EXERCISE AIM: Make an exact copy of the listing below. Pictures stay out of it.
START RECORDS TO USE
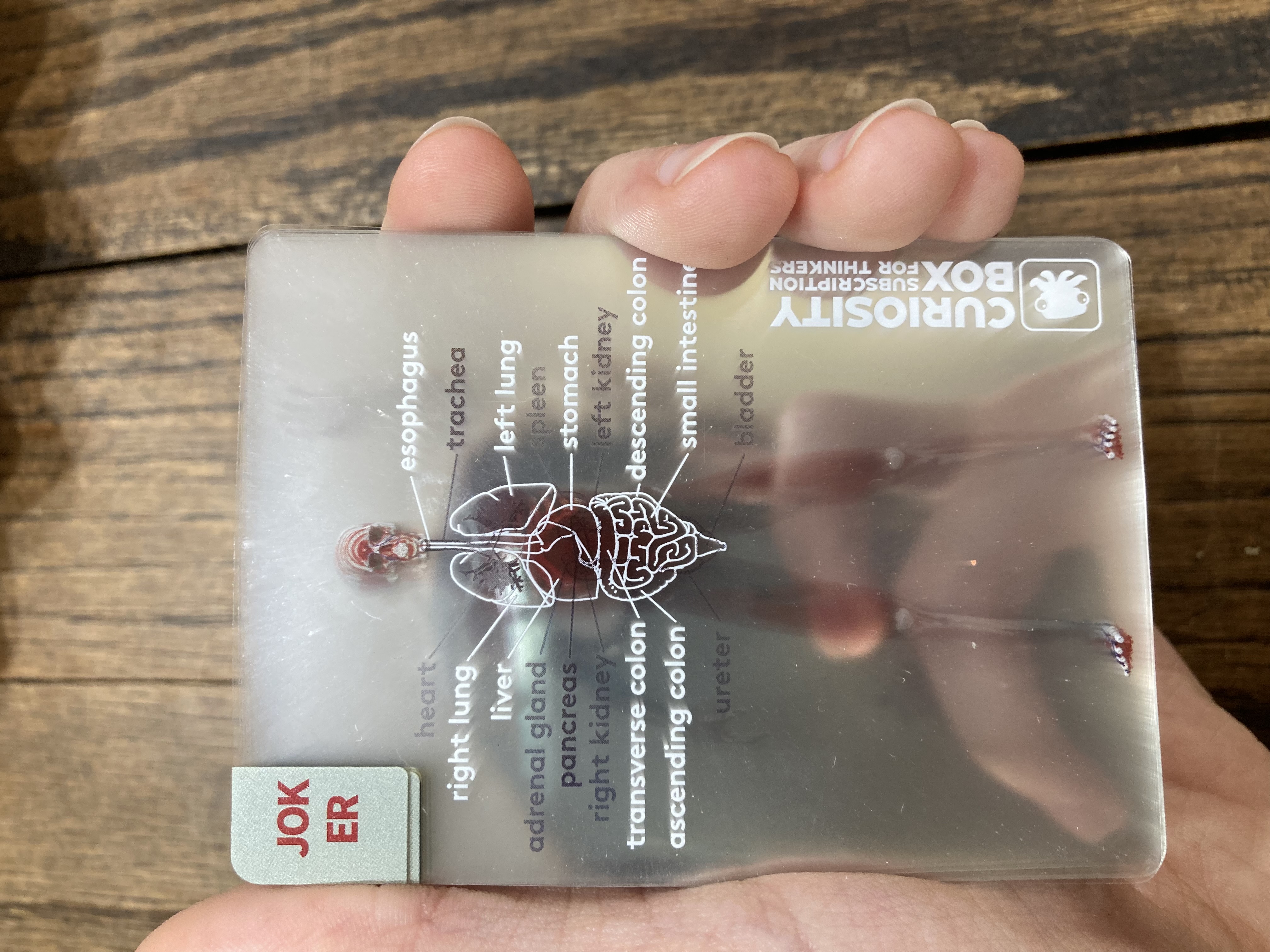 ☆REMARKS: Absolutely beautiful deck, the coronal slices are gorgeous. Their colors are vibrant and the detail is fantastic. The glare in my photos is undesirable and affects my ability to capture their appearance well, however I did my best. When held alone, the clarity of the individual clear cards is so incredibly good: when held out the colored portions sometimes just look like they’re free-floating. I absolutely thought these may be a pain to shuffle, but was so pleasantly surprised to find out that they shuffle like a DREAM. One of the best flexes and slides I’ve ever felt in a shuffle. Beautiful sound, too. I straight-up involuntarily gasped. The jokers working as an overlay to identify and label major organs and bones is super creative, I was delighted by this feature. These cards’ aesthetic appearance is everything I hoped it would be. ***(NOTE: Fondness of design/design concept may be an acquired taste, as anybody with no interest in anatomy/science/medical topics may not find the same type of appeal. However, I would like to assert that my review of the actual quality of design is unbiased: I enjoy medical themed decks and anatomy, but I am still very particular about the quality of executing those themes. If this deck had been badly printed, had dissatisfying clarity, any struggle to shuffle, etc. I would say so. The colors are vibrant and the lines are crisp. The detail put into this creation is truly admirable.)
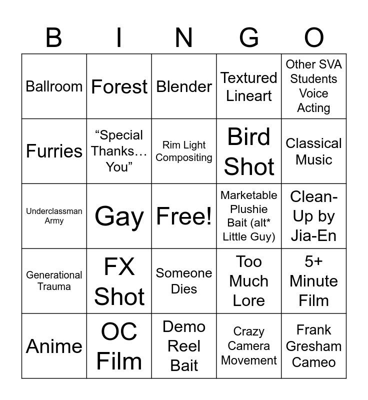 This bingo card has a free space and 30 words: OC Film, Robots, Gay, Aliens, Ballroom, Blender, “Special Thanks… You”, Someone Dies, Marketable Plushie Bait (alt* Little Guy), Demo Reel Bait, Clean-Up by Jia-En, Frank Gresham Cameo, Crazy Camera Movement, 360 Shot/Rotating Shot, Classical Music, Montage Sequence, Too Much Lore, Generational Trauma, FX Shot, Other SVA Students Voice Acting, Underclassman Army, Crowd Shot, Forest, Bird Shot, Furries, Textured Lineart, 5+ Minute Film, Anime, Rim Light Compositing and Excessive Whip Pans.
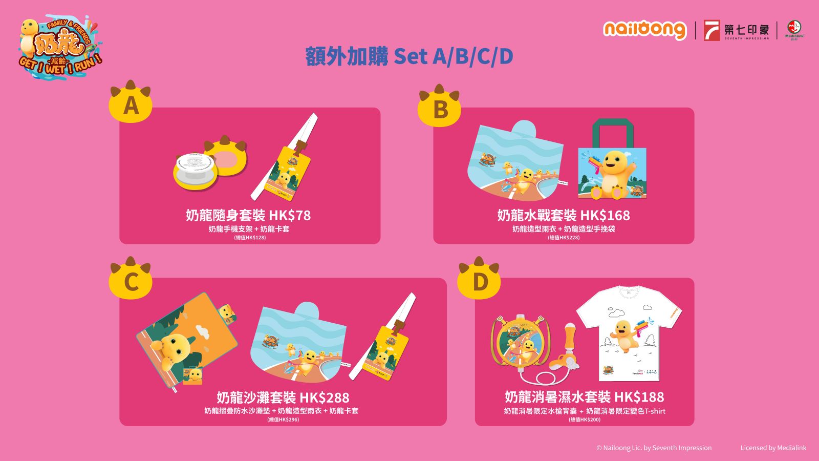 除了基本的跑手選手包外,大家也可藉此機會以優惠價額外加購值得收藏的4款奶龍限定套裝。
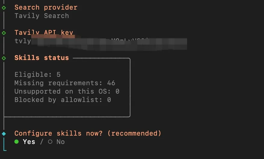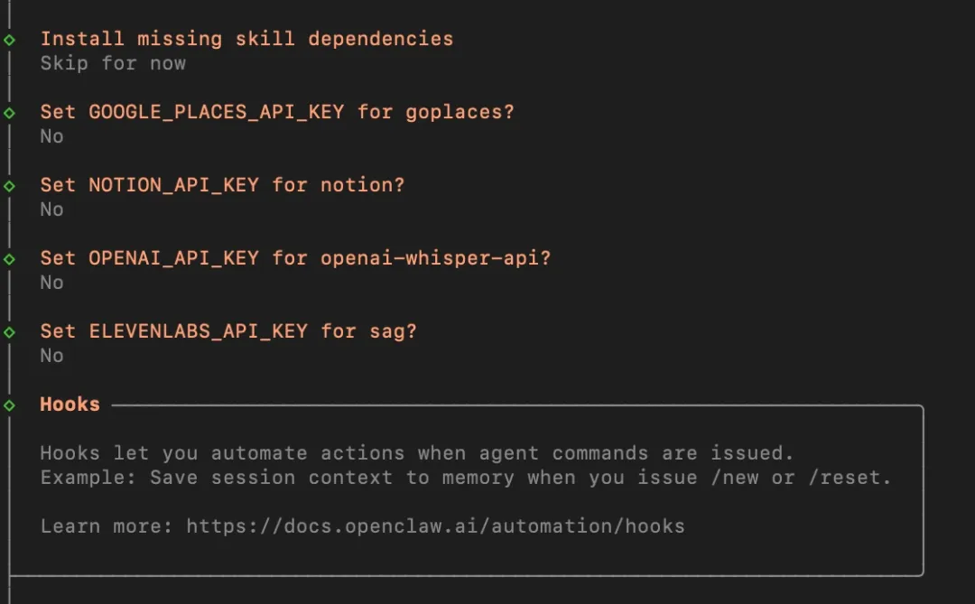 Skill可以按需安装,后面使用的过程中需要什么再安装,这里可以选择No,接下来是配置一些内置Skill的API Key,可以一路No,后面如果有需要,随时都可以再配置;
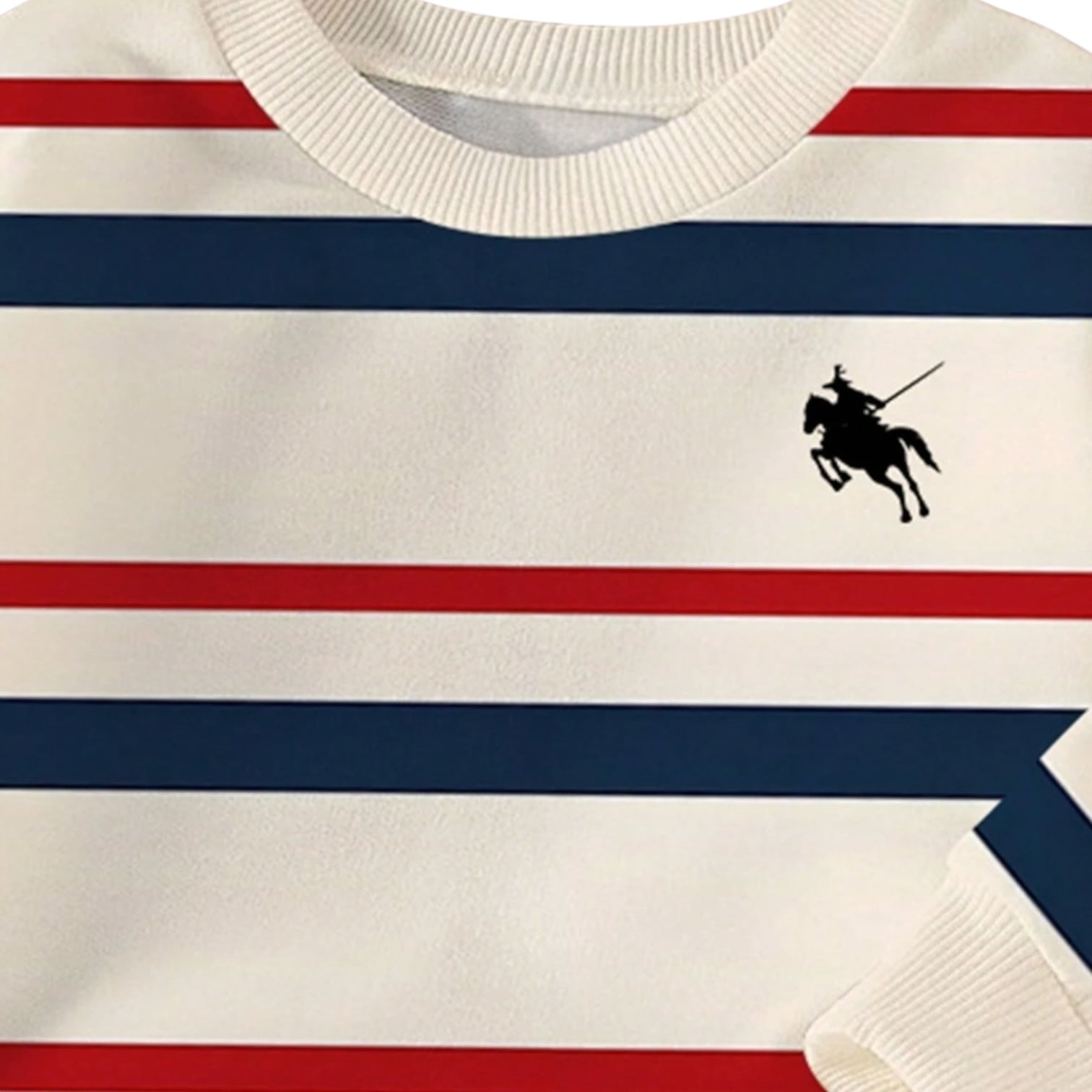 Detalle bordado: figura de jinete con caballo en color negro.
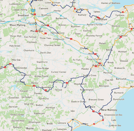 The route is open and signed from Canterbury to Royal Tunbridge Wells. There is a gap between Mystole and the A28 near Godmersham, and near Dingleden.
END RECORDS TO USE
SOLUTION FOR THIS EXERCISE:
 ☆REMARKS: Absolutely beautiful deck, the coronal slices are gorgeous. Their colors are vibrant and the detail is fantastic. The glare in my photos is undesirable and affects my ability to capture their appearance well, however I did my best. When held alone, the clarity of the individual clear cards is so incredibly good: when held out the colored portions sometimes just look like they’re free-floating. I absolutely thought these may be a pain to shuffle, but was so pleasantly surprised to find out that they shuffle like a DREAM. One of the best flexes and slides I’ve ever felt in a shuffle. Beautiful sound, too. I straight-up involuntarily gasped. The jokers working as an overlay to identify and label major organs and bones is super creative, I was delighted by this feature. These cards’ aesthetic appearance is everything I hoped it would be. ***(NOTE: Fondness of design/design concept may be an acquired taste, as anybody with no interest in anatomy/science/medical topics may not find the same type of appeal. However, I would like to assert that my review of the actual quality of design is unbiased: I enjoy medical themed decks and anatomy, but I am still very particular about the quality of executing those themes. If this deck had been badly printed, had dissatisfying clarity, any struggle to shuffle, etc. I would say so. The colors are vibrant and the lines are crisp. The detail put into this creation is truly admirable.)
 This bingo card has a free space and 30 words: OC Film, Robots, Gay, Aliens, Ballroom, Blender, “Special Thanks… You”, Someone Dies, Marketable Plushie Bait (alt* Little Guy), Demo Reel Bait, Clean-Up by Jia-En, Frank Gresham Cameo, Crazy Camera Movement, 360 Shot/Rotating Shot, Classical Music, Montage Sequence, Too Much Lore, Generational Trauma, FX Shot, Other SVA Students Voice Acting, Underclassman Army, Crowd Shot, Forest, Bird Shot, Furries, Textured Lineart, 5+ Minute Film, Anime, Rim Light Compositing and Excessive Whip Pans.
 除了基本的跑手選手包外,大家也可藉此機會以優惠價額外加購值得收藏的4款奶龍限定套裝。
 Skill可以按需安装,后面使用的过程中需要什么再安装,这里可以选择No,接下来是配置一些内置Skill的API Key,可以一路No,后面如果有需要,随时都可以再配置;
 Detalle bordado: figura de jinete con caballo en color negro.
 The route is open and signed from Canterbury to Royal Tunbridge Wells. There is a gap between Mystole and the A28 near Godmersham, and near Dingleden.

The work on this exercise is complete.